- Opening Delimiter -

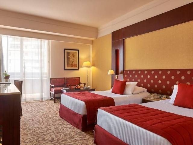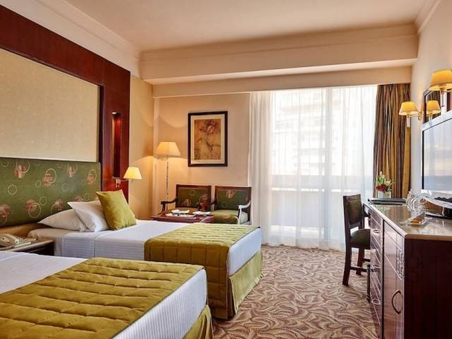 El hotel está situado en el centro de la ciudad, cerca del río Nilo. A pocos minutos del centro de la ciudad, y del Museo Egipcio, a 15 km de las Pirámides de Sakkara, las Pirámides de Giza y la Esfinge. Las habitaciones que conforman el hotel son amplias y luminosas. Todas ellas cuentan con baño privado y disponen de diferentes amenitites que harán que se sienta como en casa: secador de pelo, teléfono, termostato, TV, conexión Wi-Fi y caja de seguridad, entre otros servicios. Para comer y divertirse, el hotel ofrece una amplia variedad de restaurantes especializados que ofrecen cocina internacional, asiática y oriental. Las instalaciones del hotel incluyen una piscina climatizada al aire libre, un gimnasio, un spa y un centro de negocios completamente equipados. Celebre sus eventos y conferencias en una de las siete salas de reuniones que ofrece el hotel con capacidad de hasta 300 personas. ¡Disfrute de su estancia! *** Los clientes con nacionalidad Egipcia que se alojen en el hotel compartiendo habitación, deben aportar el certificado matrimonial
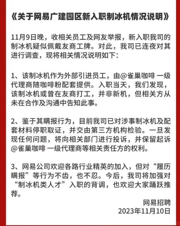 网易回应用腾讯二手制冰机,居然还认真的写了份情况说明
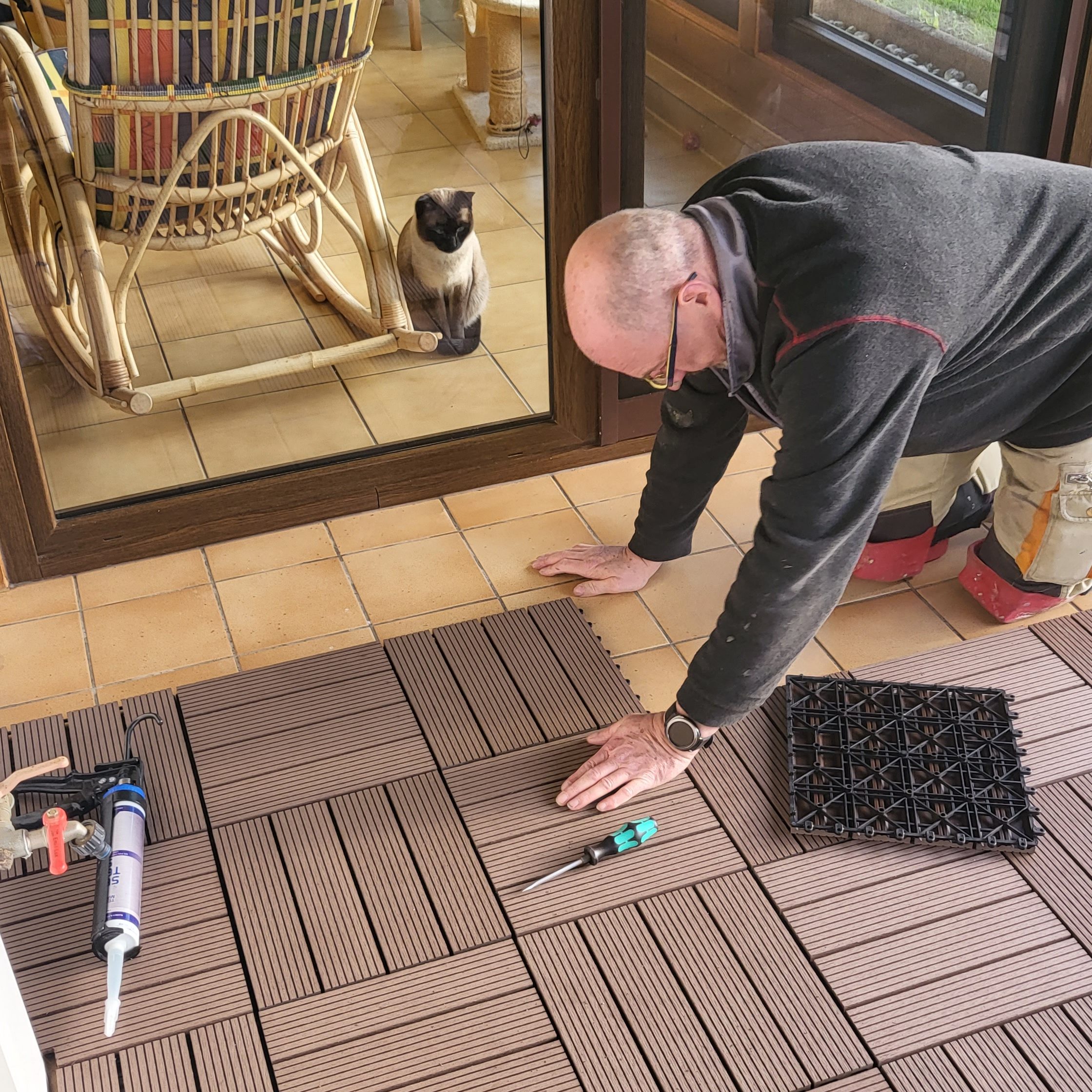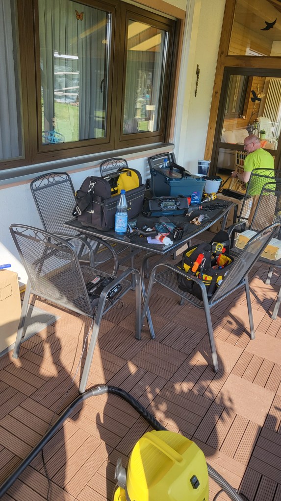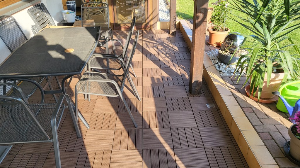 Auf mehrfachen Wunsch einer einzelnen Schwiegermutter, wurde die Terrasse mit neuen Klick-Kunststofffliesen aufgewertet.
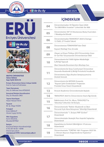 Page 2 - ERÜ'de Bu Ay Aylık Bülten EYLÜL-2025
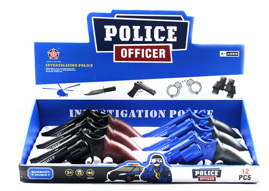 Wiky Pistole/Samopal policejní s pouty plast 24cm na baterie se zvukem se světlem v krabici 26x18x5cm
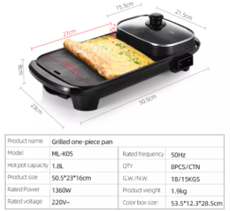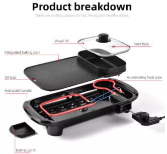 Grill Electric Pan, Multi Function Two-in-one Smokeless Non-stick Barbecue Stone Baking

- Closing Delimiter -

▶ **Exercise description**
Line by line and exactly, reproduce the span from the line with "Auf mehrfachen Wunsch" through the end of the data above, both ends included, with pictures left out.

▶ **Result of this exercise**
 Auf mehrfachen Wunsch einer einzelnen Schwiegermutter, wurde die Terrasse mit neuen Klick-Kunststofffliesen aufgewertet.
 Page 2 - ERÜ'de Bu Ay Aylık Bülten EYLÜL-2025
 Wiky Pistole/Samopal policejní s pouty plast 24cm na baterie se zvukem se světlem v krabici 26x18x5cm
 Grill Electric Pan, Multi Function Two-in-one Smokeless Non-stick Barbecue Stone Baking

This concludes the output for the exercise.